I found this blog post to be very interesting, but to me, who’s been in marketing most of my professional life, it’s also quite provocative. It’s a bit if a challenge to apply these tenets to marketing and sales, which is more about persuasion than usability; more about making experiences seductive than rational. The blog post seems to dismiss this as immoral, and while I can see that point, I think it is a bit naive and simplistic, and represents the issue in a one-dimensional manner.

The most concrete way I run into the dichotomy between functionality and persuasion in my work is when people ask me to apply “industry best practices”. It’s clear to me that clients don’t necessarily mean the same thing by that as do UX practitioners.

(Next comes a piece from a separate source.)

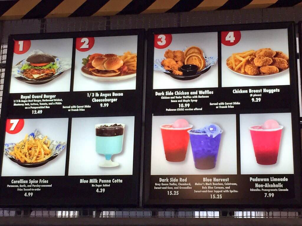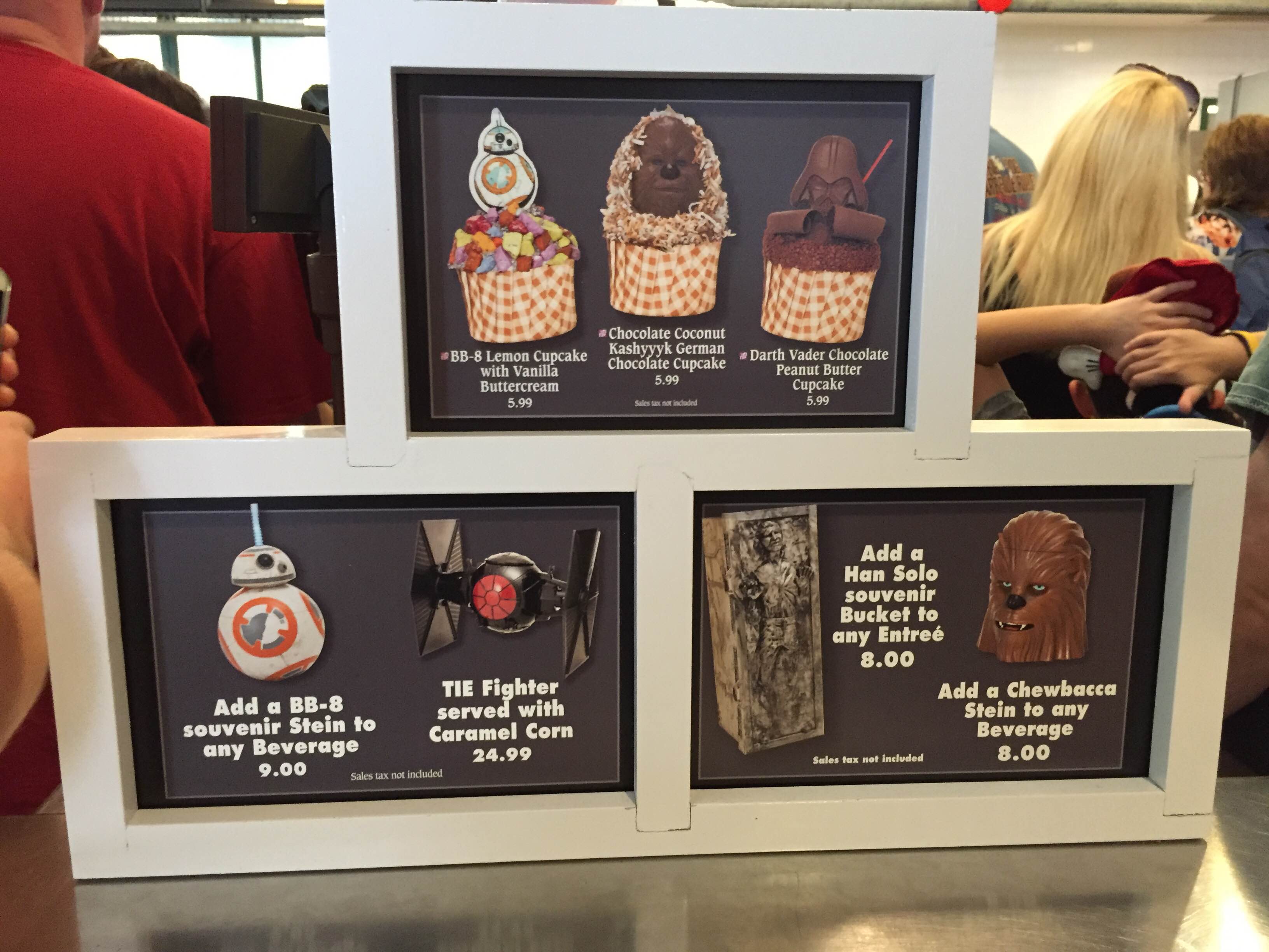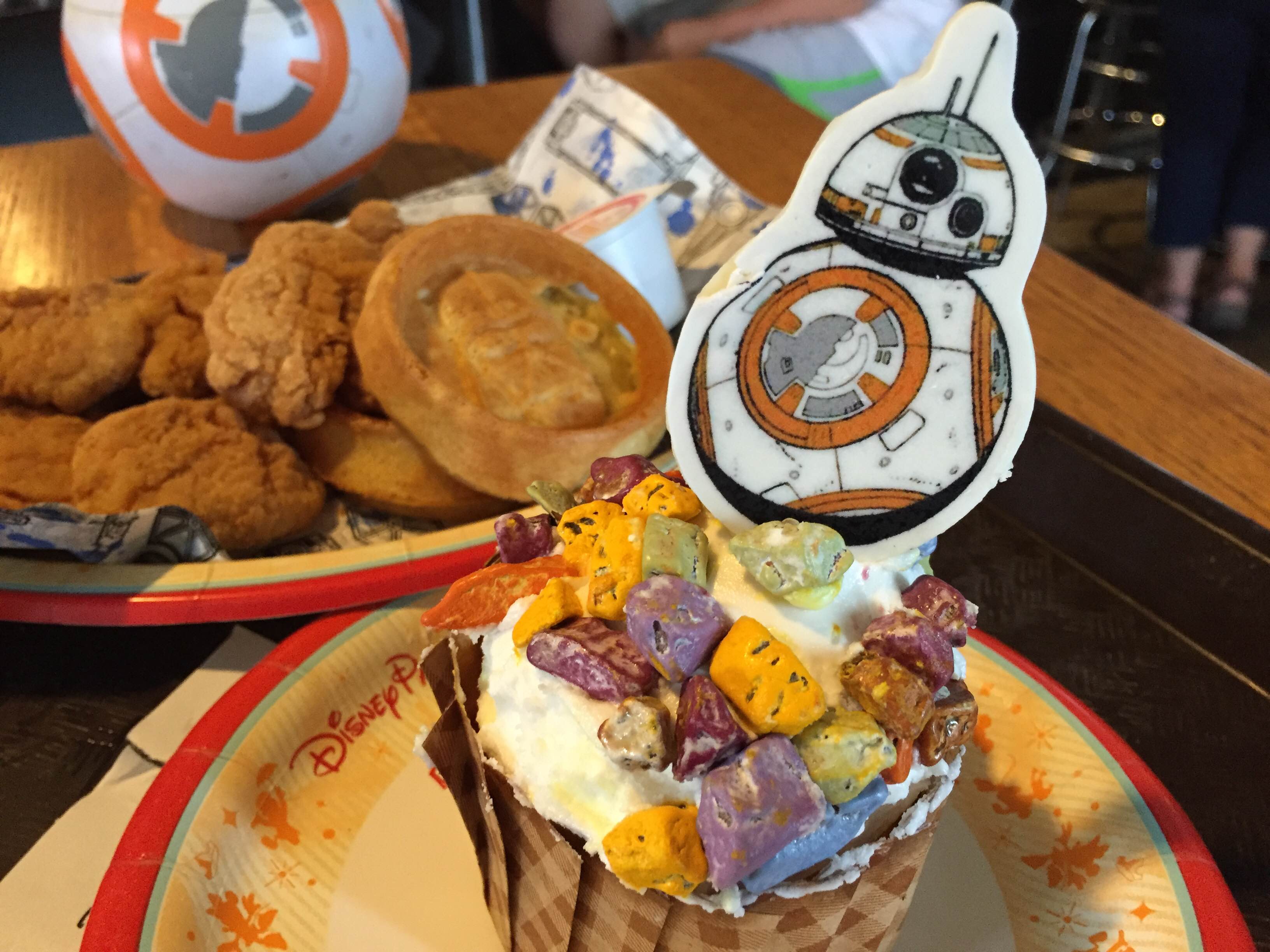 Finally, we have Galactic Food being offered at Backlot Express including Star Wars cupcakes, Dark Side Chicken and Waffles, and Blue Milk Panna Cotta.

To clients, “best practices” means that which through testing has been proven to increase conversions, but to UX practitioners, “best practices” typically means that which empowers users to do what they need to do, and facilitates task completion, as can be proven out in usability studies.

These two interpretations need to be reconciled, because ultimately, the most basic premise of marketing is that you can affect a change in what consumers want and intend to do, and that consumers may not always be 100% sure about what that is beforehand. So, at the very least UX should, in a marketing context, strive to support that decision-making process. And whenever someone tries to aid someone else’s decisions, it would be foolish to think that such an outside influence would not inherently affect the outcome. Whether that influence is moral or immoral is defined by what the suggested outcome is, not by the mere act of influencing the decision. Obviously, suggesting a donation to charity is not immoral, but suggesting a purchase of a product produced with child labor is. Either way, I would argue that there is no such thing as a perfectly unbiased or unaffected choice. As human beings, our choices are never entirely free.

So, what constitutes a “best practice” in an interactive medium depends on what the desired outcome is, and who is asking the question.